We have amassed goods beyond our needs, using non-renewable parts of the Earth for our pleasure without regard for those who will come after us. Are we living our Testimony of Simplicity?

How can we pray and give thanks to God while forgetting the impact of our lifestyles on the rest of Creation? Parenthetically here, David Suzuki reminds us of Pluto’s curse; and the similarity of myths of the underworld from many cultures suggests that we have always known that it was unnatural and dangerous to go underground. Now we know experientially that most things extracted from below ground, gold to oil, coal, uranium, gas - are directly or indirectly poisonous to us and other life forms. They poison crops, destroy children’s immune and endocrine systems, and give us wasting diseases. So we must ask, are we living our Testimony of Integrity?

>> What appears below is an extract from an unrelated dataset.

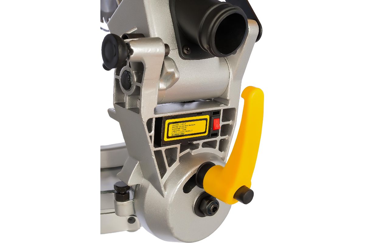 Производители позаботились о безопасном использовании инструмента. Блокировка шпинделя поможет быстро сменить пильный диск. Электронный тормоз мгновенно остановит его при необходимости. Для безопасной транспортировки инструмента предусмотрена фиксация пилы в опущенном положении.

Louis Cox says (BeFriending Creation, May-June 2006) “We don’t know where we are, we don’t know what time it is, and we have forgotten who we are.” Perhaps a response lies in the words of Chickasaw author Linda Hogan, who has written (in “Dwellings”), “Caretaking is the utmost spiritual and physical responsibility of our time, and perhaps that stewardship is finally our place in the web of life, our work, the solution to who we are.”

We need to commit ourselves to radically changed lives, recognizing the costly implications, yet also knowing the joy, reverence and deep love of God that inspires us. Spirit-filled lives that see every form of life as an expression of universal love enable us to move forward confidently, in faith and in hope.

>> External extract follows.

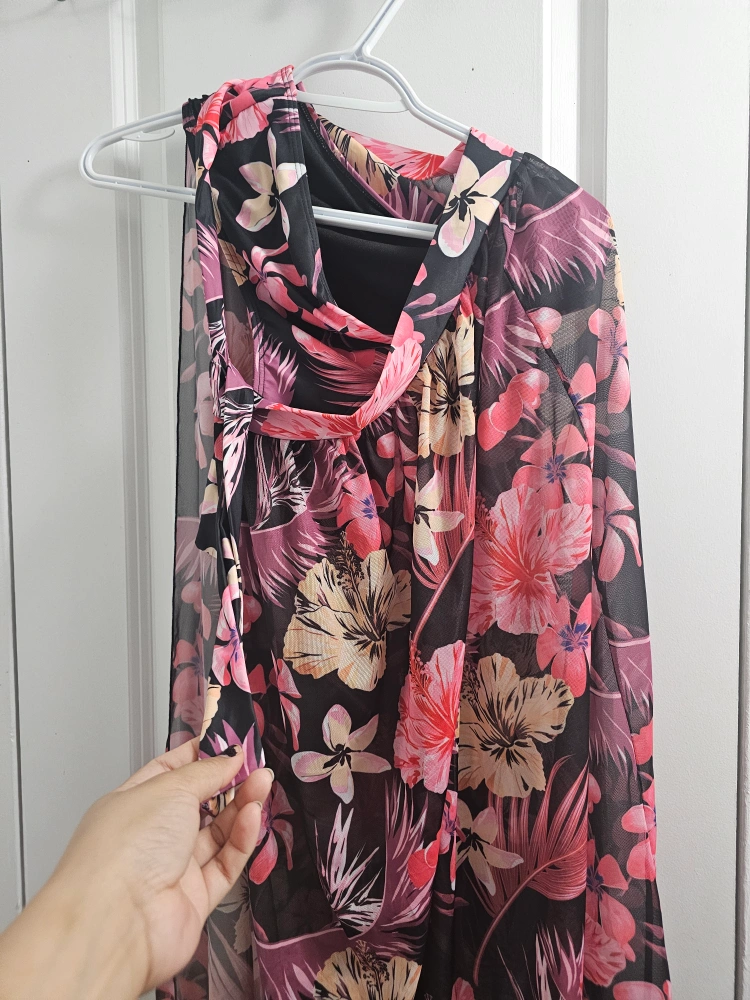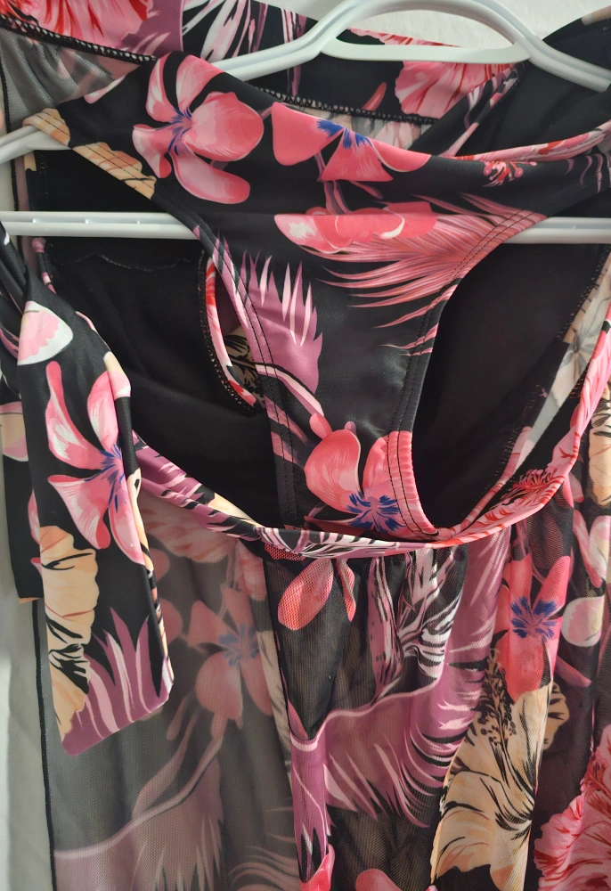 Stunning two-piece swimsuit. Features a vibrant floral print on a black background. Includes a matching sheer cover-up. Perfect for a summer getaway. Pick up only. never been used. Cash preferred.

Yes, hope, in spite of all we know. Elizabeth Watson said we must dwell in possibility, believing that adventuring together into the new world being born we can save this planet for our grandchildren’s grandchildren. We are, after all, part of a continuous field of loving consciousness, co-extensive with the plenum full of limitless possibilities.

A new culture is emerging globally, says Mark Cummings, a culture of connecting with each other and the Earth in sustainability, a new planetary culture based on a primary allegiance to the web of life, the planet and the universe. Paul Hawkin, quoted by David Suzuki, says, “Never before in history have independent groups from all around the world derived frameworks of knowledge that are so utterly consonant and in agreement. It is not that they are the same; it is that they do not conflict. This has never happened in politics, in religion, in psychology, - not ever.” Suzuki adds that once 10-15 percent of a human population actively embraces new ideas, the world culture can change rapidly and radically. Rosemary Radford Reuther in “Gaia and God” says, “What we need is neither optimism nor pessimism ... but committed love.”

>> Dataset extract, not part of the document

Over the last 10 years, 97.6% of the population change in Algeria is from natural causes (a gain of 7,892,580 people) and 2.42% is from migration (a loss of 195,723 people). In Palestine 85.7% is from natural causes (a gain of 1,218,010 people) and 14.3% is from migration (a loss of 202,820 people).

Joanna Macy calls this the time of the Great Turning, as people around the world are realizing that we can meet our needs without destroying our world. It is happening now!

In this fraction of space-time in which we live, there seems to me no doubt that it is of love that our spirits are made. And so it is that we are designed to be channels for the cosmic, the divine Love, to give it forth as it is constantly poured into our lives. To open ourselves to the wonder, the beauty and the marvelous interrelationships of this Earth on which we are nurtured is to know joy and fulfillment. It is to give purpose and endless treasure to our lives.

I will close with some words from Michael Dowd’s “Earthspirit.” He says, “As we pick up our cross to follow Jesus, let us learn from those who plant dates. A date tree takes 80 years from the time it is planted to bear its first fruit. To plant a date tree is an act of faith, a sign of hope, and a symbol of one’s loving commitment to the future ... Brazilian theologian Ruben Alves saw this clearly when he said... ‘Let us plant dates, even though we who plant them will never eat them...We must live by the love of what we will never see.’”

So Friends, let us see where Love calls us to plant dates. And let us live in communion with all Life Spirit, knowing that wherever we are, we are walking on holy ground.

A Quaker memorial and celebration of Doris Ferm’s life will be hosted by the Bellingham Friends Meeting at 3 P.M. on June 16 at the First Congregational Church, 2401 Cornwall Avenue. A legacy book may be viewed and signed at www.farewelltributes.com.